Reviewing the results of decades of in-class consulting as well as on-line educational engagements with a prospective client recently allowed me to neuron-together a few interesting insights. I thought I would share them with you:


When comparing the quality of education received on-line with a traditional classroom it is true that - while classroom teaching is our classic model (and therefore understood by more people,) that on-line education requires allot more lower level, hands-on content. Why? Because impersonalized presentations simply cannot engage people long enough to keep an average student's attention!

Yet the demand to create allot of exercises to keep students engaged creates a classic case of a "top down," versus that "bottom up" approach... or perhaps a College, versus a Middle-School educational experience? (i.e. holding a student's attention for an average of 1 minute for every year-in life?)

Surely creating on-line versus in-person education also requires understanding that on-line students are usually allot more interested in a "how to," rather than the often-equally as-important "when to" and / or "why to." --Yet I believe that the problem lies with the delivery media. The problem seems to be engaging each student at a level that only an in-classroom educator seems able to achieve?

Simple Case Study

The USMC - for example - tried to save allot of money by not flying teachers out to students. Yet after less than a year of telling their students to "learn it all on-line," up-front & personal, instructor-lead classroom training is not only back, but it is becoming more popular than ever before.

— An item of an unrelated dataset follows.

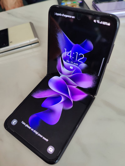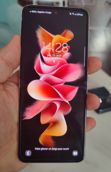 Une fois totalement ouvert, le Galaxy Z Flip 3 est finalement aussi grand qu'un Galaxy A72 de la marque par exemple comme le montre notre photo. La dalle OLED étant flexible, lorsqu'elle est entièrement déployée, on note toujours la présence d'une petite marque au milieu. Si on la remarque au début, on l'oublie assez rapidement au fil de l'utilisation de l'appareil.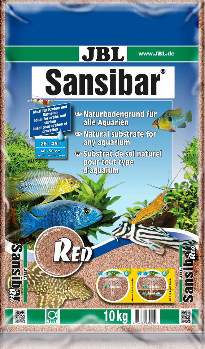 JBL Zanzibar RED is a recoloured natural ground with coarse-grained, rounded sand for all aquariums and optimal for grounding animals, as this fine rounded quartz sand also occurs in the native waters of these animals. In fish such as rays, thorns and catfish, etc. the sensitive barbels are protected with this sand. The fine grain and dense storage prevents the infiltration of mulch and other waste, thus preventing decay processes that could hinder plant growth. For magnificent plant growth, we recommend JBL AquaBasic plus long-term nutrient medium with JBL Zanzibar RED as a top layer. JBL Zanzibar RED releases neither hardeners nor unwanted silicates to the aquarium water.

Why? One reason is - when it comes to being taught - that people need an opportunity to participate, as well as to be mentored in terms that can be related to their problem domains. So while I "talk geek" on my Udemy training, I "talk financial" when teaching at financial companies, "talk military" when teaching at the DoD, and therefore turn on as many light-bulbs - as well as encourage as much classroom participation - as humanly possible.

Certainly those critiquing their own experience when comparing an on-line versus an in-room training experience may often discover that the mere potential of asking - or being asked - to participate if and of itself often encourages one to be more attentive & alert.

The "D Word"

So it is teaching on-line that tends to be the "knowledge dump" these days. Indeed, until 'chatbots get allot better ("Alexa, teach me Python"?) today one simply cannot mentor - let alone engage any student properly - en masse.

Hence the challenge with creating 5-star on-line education is to teach "knowledge," (a hands-on activity every 5 minutes is a good metric!) versus imparting "wisdom." Showing on-line students - whose attention spans are ALLOT less engaged - not only "how to," but also ramping-up to present those top-down / higher-educational concepts ... via a series of hands-on exercises ... every few minutes?!

Big changes, to be sure!

Interactive Video

Even when teaching students on-line and in real-time (WebEx etc,) allow me to observe that remote-only educational opportunities universally ignore the fact that the best educational experiences invariably connect with people in more ways than on-line educational experiences are presently able to provide. Without the ability to walk around & read the body language of each student, how can any instructor know if their message is even being received?

So perhaps in education - just as everywhere else - one truly tends to get no more than what one pays for?